Multiple archetypes associated with the atypical nosZ sequences also increased significantly as a function of fertilization, indicating that fertilization leads to distinct communities of nitrous oxide scavengers. In fact, 10 atypical nosZ archetypes were significantly more abundant in fertilized plots compared to only three archetypes that were more abundant in control sediments. These results provide a potential genetic explanation for increased N2O consumption measured in the extra highly fertilized plots (Ji et al., 2015), and they highlight the importance of N2O scavengers that act to decrease the elevated N2O fluxes associated with high N loads. Atypical nosZ have previously been shown to represent a potentially large sink for N2O (Jones et al., 2013) and in salt marshes can account for the majority of nosZ sequences isolated from sediments (Graves et al., 2016).
Our results highlight the important role nutrient enrichment plays in the structure and functioning of salt marsh ecosystems. These data suggest that of the factors that are believed to control N2O flux, in salt marsh sediments, nitrogen supply is the most critical. Nutrient enrichment alters the chemical conditions in the sediment, which in turn alters the community composition of many genes involved in the N cycle, with the exception of archaeal amoA. Fertilization also affects the active portion of the microbial community, which is ultimately responsible for the production and consumption of N2O, and for all the ecosystem services provided by the marsh. Understanding controls on the balance between production and consumption of N2O is critical to determine whether marshes will become a net source of N2O under nutrient enrichment. Our results allowed us to identify specific taxa responsible for elevated nitrogen-cycling rates associated with increased N load, thereby identifying which organisms to target for better understanding N2O flux. Finally, these data show that in spite of evidence that overall microbial communities in marshes are resistant to change in response to long-term nutrient enrichment (Bowen et al., 2011), the functional capacity of these systems is sensitive to increasing nitrogen supply. In the Great Sippewissett Salt Marsh plots, long-term nutrient enrichment has significantly altered the nitrogen-cycling community within the sediment, with downstream changes in ecosystem function.

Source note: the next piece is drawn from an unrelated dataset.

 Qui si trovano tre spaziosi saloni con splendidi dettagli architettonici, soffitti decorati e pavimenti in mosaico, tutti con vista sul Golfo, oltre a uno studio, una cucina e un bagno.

JA, BW, and JB designed the research, analyzed the data, and wrote the manuscript with contributions from XP, QJ, IC, AJ, and PK. JA, XP, QJ, and PK performed all field work and all geochemical analyses. IC, JA, PK, and JB performed the 16S rRNA and 16S rRNA gene sequencing and the data analysis. JA, AJ, and BW performed all the microarray analyses.

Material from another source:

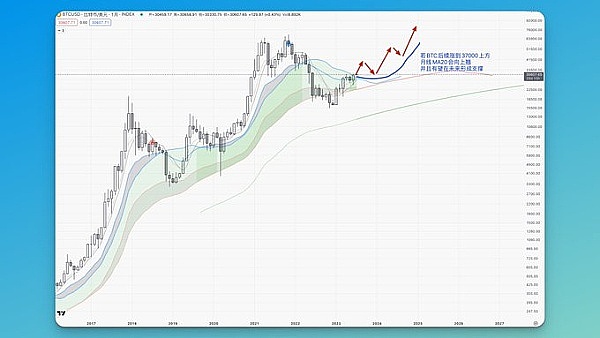 图中是在月线上BTC走势的合理推演 不同分析方法可以推演出不同的走势结果。我个人操作主要会依赖衍生品数据。

This work was funded by the National Science Foundation grants DEB-1019624 to BW and JB, and DEB 1719418/1353140 and DEB 1350491 to JB.
Conflict of Interest Statement
The authors declare that the research was conducted in the absence of any commercial or financial relationships that could be construed as a potential conflict of interest.
We would like to thank Dr. E. F. X. Hughes and family for granting us use of the Great Sippewissett Salt Marsh plots. We would like to thank Ivan Valiela and John Teal for establishing and maintaining the experimental plots, as well as Brian Howes and Dale Goehringer for their recent contributions to maintaining the plots. We would also like to thank the University of Massachusetts Boston, Biology Department, and the Princeton University, Department of Geosciences, for their support of this work.
Anderson, I. C., Poth, M., Homstead, J., and Burdige, D. (1993). A comparison of NO and N2O production by the autotrophic nitrifier Nitrosomonas europaea and the heterotrophic nitrifier Alcaligenes faecalis. Appl. Environ. Microbiol. 59, 3525–3533.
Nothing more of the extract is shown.